If you find any typos, errors, or places where the text may be improved, please let us know by providing feedback either in the feedback survey (given during class) or by using GitLab.
Reproducibility and open scientific practices are increasingly demanded of, and needed by, scientists and researchers in our modern research environments. We increasingly produce larger and more complex amounts of data that often need to be heavily cleaned, reorganized, and processed before it can be analyzed. This data processing often consumes the majority of the time spent coding and doing data analysis. And even though this stage of data analysis is so time-consuming, there is little to no training and support provided for it. This has led to minimal attention, scrutiny, and rigour in describing, detailing, and reviewing these procedures in studies, and contributes to the systemic lack of code sharing among researchers. All together, this aspect of research is often completely hidden and may likely to be the source of many irreproducible results.

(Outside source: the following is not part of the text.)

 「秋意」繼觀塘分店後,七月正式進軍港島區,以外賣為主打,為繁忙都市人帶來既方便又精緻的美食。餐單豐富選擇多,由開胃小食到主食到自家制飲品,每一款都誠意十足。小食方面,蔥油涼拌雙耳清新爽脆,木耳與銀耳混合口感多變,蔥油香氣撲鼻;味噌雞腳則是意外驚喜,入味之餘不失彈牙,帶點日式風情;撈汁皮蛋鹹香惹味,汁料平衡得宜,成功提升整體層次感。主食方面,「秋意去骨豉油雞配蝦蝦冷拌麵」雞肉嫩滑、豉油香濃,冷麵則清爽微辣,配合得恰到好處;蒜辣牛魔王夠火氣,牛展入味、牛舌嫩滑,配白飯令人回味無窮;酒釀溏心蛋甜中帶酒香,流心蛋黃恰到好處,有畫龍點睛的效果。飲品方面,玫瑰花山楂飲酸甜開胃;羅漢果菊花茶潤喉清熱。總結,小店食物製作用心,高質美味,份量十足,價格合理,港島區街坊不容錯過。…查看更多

With this course, we aim to begin addressing this gap. Using a highly practical approach that revolves around code-along sessions (instructor and learner coding together), hands-on exercises, and group work, participants of the course will be able to:
- Learn and demonstrate what an open and reproducible data processing and analysis workflow looks like.

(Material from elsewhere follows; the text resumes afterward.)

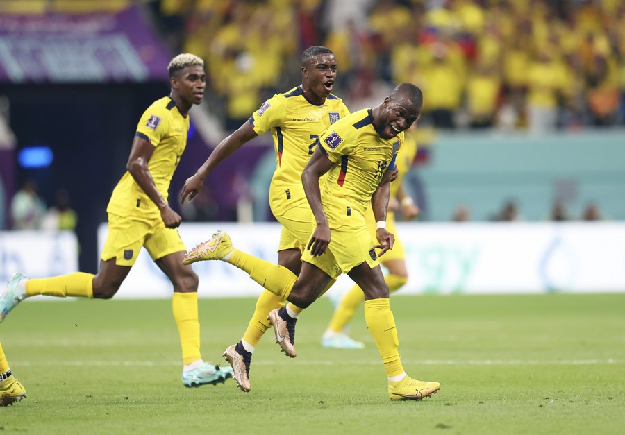 Enner Valencia (R) of Ecuador celebrates scoring with his teammates during the Group A match between Qatar and Ecuador at the 2022 FIFA World Cup at the Al Bayt Stadium in Al Khor, Qatar, Nov. 20, 2022. (Xinhua/Li Ming)

- Learn and apply some fundamental concepts, techniques, and skills needed for processing and managing data in a reproducible and well-documented way.
- Learn where to go to get help and to continue learning modern data science and analysis skills.
The course will enable participants to answer questions such as:
- What does a modern data analysis setup and workflow look like?
- How can I create pipelines that get, process, and clean my data quickly and that works regardless of whether there is one data file or hundreds (i.e. it scales well)?
- How can I write code that is more reproducible, readable, and easily re-used for my future self and for my collaborators and colleagues?
By the end of the course, participants will: have improved their competency in processing and wrangling datasets; have improved their proficiency in using the R statistical computing language; know how to write re-usable and well-documented code; and know how to make modern and reproducible data analysis projects.
This course is designed in a specific way and is ideal for you if:
- You are a researcher, preferably working in the biomedical field (ranging from experimental to epidemiological). Specifically, this course targets those working on topics in diabetes and metabolism.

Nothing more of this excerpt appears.